Rozdział VIII-"Nim zajdzie słońce"

361 30 6
                                    

Zbliżał się wieczór, więc Negan nakazał dwóm mężczyznom rozpalić ognisko. Po kilku minutach  już ładnie się paliło, więc cała grupa zebrała się i usiadła na ławkach. Negan oczywiście usiadł obok swojej ukochanej. Louise nie była z tego faktu za bardzo zadowolona , no ale musiała tego po sobie nie pokazywać. W pewnym momencie zamyśliła się. Po chwili Negan odezwał się.

-Wszystko gra? Jesteś taka "nieobecna" dziś.

-Tak, tak wszystko gra, tylko...yyyy....myślałam o tobie- powiedziała Louise.
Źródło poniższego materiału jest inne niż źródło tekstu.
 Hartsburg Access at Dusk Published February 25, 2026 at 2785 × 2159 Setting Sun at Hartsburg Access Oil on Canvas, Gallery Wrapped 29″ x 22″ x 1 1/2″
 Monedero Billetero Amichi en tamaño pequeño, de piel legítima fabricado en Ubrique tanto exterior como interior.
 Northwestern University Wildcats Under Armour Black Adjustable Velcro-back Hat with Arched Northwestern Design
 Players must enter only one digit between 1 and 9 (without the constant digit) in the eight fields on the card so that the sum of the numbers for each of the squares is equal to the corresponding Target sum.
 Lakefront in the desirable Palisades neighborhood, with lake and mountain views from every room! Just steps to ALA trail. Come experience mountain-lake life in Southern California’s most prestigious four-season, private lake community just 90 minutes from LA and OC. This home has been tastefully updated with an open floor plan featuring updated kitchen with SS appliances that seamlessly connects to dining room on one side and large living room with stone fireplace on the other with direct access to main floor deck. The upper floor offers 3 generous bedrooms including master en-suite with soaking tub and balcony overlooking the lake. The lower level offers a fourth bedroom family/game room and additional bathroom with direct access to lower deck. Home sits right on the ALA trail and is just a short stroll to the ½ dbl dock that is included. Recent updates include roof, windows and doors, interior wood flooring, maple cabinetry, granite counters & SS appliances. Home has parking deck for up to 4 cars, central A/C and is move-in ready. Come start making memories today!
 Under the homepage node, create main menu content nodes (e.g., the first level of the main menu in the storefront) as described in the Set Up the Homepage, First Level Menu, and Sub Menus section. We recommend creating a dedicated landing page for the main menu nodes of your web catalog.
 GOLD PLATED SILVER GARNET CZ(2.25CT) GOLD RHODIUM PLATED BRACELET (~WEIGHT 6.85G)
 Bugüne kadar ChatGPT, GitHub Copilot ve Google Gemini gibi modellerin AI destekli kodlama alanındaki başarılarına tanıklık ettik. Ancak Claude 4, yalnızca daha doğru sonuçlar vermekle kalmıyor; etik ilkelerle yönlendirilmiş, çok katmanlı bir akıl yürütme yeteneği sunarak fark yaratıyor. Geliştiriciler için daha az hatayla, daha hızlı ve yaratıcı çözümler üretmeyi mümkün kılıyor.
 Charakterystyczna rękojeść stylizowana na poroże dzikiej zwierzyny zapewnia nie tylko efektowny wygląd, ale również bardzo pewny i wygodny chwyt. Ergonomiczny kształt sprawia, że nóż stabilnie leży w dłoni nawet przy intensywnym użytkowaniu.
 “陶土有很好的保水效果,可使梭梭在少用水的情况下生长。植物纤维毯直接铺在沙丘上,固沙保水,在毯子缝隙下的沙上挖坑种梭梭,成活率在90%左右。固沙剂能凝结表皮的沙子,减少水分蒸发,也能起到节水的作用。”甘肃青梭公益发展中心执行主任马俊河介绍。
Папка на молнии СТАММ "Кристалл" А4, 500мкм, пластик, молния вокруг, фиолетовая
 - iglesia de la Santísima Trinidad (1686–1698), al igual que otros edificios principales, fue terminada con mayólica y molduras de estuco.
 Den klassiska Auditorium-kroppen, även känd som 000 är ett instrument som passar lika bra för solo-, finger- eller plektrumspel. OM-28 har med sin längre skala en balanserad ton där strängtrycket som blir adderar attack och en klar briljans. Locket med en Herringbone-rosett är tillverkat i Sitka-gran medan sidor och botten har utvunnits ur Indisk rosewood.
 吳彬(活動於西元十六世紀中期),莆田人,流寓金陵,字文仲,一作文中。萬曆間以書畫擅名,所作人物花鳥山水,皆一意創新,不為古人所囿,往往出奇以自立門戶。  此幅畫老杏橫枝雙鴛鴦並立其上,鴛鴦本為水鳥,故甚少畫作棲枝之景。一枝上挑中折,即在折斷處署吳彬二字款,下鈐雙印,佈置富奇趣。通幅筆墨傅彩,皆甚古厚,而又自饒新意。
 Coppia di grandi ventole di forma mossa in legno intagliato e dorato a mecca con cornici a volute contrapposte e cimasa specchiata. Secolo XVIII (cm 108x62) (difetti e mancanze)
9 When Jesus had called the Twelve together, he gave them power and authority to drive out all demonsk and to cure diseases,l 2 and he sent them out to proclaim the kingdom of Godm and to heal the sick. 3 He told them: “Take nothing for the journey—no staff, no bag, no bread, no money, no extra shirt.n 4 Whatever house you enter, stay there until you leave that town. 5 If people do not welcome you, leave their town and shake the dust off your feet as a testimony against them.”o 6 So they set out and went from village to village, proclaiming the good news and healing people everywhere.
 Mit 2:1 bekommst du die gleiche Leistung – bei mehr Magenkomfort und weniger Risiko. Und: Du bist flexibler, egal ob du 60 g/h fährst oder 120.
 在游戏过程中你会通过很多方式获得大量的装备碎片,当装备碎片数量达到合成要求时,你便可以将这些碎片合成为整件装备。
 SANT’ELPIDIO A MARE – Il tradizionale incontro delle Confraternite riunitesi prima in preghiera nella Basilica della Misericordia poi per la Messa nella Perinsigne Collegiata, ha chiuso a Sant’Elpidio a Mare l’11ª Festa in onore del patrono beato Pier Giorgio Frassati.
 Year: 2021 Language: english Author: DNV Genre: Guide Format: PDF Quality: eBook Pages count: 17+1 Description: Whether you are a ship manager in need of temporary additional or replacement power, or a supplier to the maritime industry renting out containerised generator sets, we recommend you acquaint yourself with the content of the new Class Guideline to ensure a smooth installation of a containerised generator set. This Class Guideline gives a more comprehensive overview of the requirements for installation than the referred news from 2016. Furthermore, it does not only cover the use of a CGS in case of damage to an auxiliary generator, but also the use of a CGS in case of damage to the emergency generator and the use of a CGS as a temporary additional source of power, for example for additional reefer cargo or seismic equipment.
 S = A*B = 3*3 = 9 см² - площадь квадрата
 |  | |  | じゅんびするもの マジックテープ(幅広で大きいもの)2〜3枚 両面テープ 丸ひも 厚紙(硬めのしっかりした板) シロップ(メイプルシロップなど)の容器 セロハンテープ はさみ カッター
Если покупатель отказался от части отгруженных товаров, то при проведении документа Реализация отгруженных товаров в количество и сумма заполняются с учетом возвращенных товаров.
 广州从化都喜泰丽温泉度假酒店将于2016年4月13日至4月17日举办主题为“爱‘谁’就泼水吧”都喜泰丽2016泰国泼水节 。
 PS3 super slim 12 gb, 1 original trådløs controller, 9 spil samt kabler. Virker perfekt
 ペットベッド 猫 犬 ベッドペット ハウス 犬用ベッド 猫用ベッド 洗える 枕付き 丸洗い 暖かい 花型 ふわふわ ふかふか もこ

-Hmm... interesujące...-odpowiedział mężczyzna, a następnie uśmiechnął się. Louise też się uśmiechnęła, ale było to udawane, tylko na pokaz bo w środku była obrzydzona nim. Wszyscy rozmawiali ze sobą nawzajem, śmiali się. Negan też co było dziwne w jego wypadku. Minuty mijały aż w końcu na dworze nastała ciemna noc. Jedyne co ją rozświetlało to ognisko i gwiazdy na niebie. "Jestem już wykończona. Pójdę spać. Dobranoc." Louise powiedziała Negan'owi na ucho. Zanim zdążył jej odpowiedzieć, ona była już prawie pod drzwiami domu. Powolnym ruchem otworzyła je , a następnie weszła do środka. Kiedy wreszcie doczłapała się do szafy z jej ubraniami, wyjęła z niej piżamę. Potem udała się do łazienki. Weszła pod prysznic. Puściła strumień gorącej wody. Stała tak pod nim z 15 minut. Gdy już zakreciła wodę to wyszła z pod prysznica i ubrała się w naszykowaną wcześniej piżamę. Powolnym krokiem udała się z powrotem do sypialni. Położyła się w łóżku i niemal natychmiastowo zasnęła.

"-Louise!
  - Co się stało Michelle?
  -Ubieraj już suknię! Ceremonia zaraz się zacznie i chyba nie chcesz pójść na nią w samej bieliźnie!
-*Louise ubiera suknię* Nie mogę w to uwierzyć...że to już ten wielki dzień. Pamiętam jak rok temu w ten dokładnie dzień Carl oświadczył mi się. A teraz? Teraz stanę się jego żoną.
-Chodź Louise zaczynamy!

Louise wyszła z domu i poszła w kierunku gdzie czekał już Carl. Dziewczyna uśmiechnęła się. Do ołtarza prowadził ją Daryl.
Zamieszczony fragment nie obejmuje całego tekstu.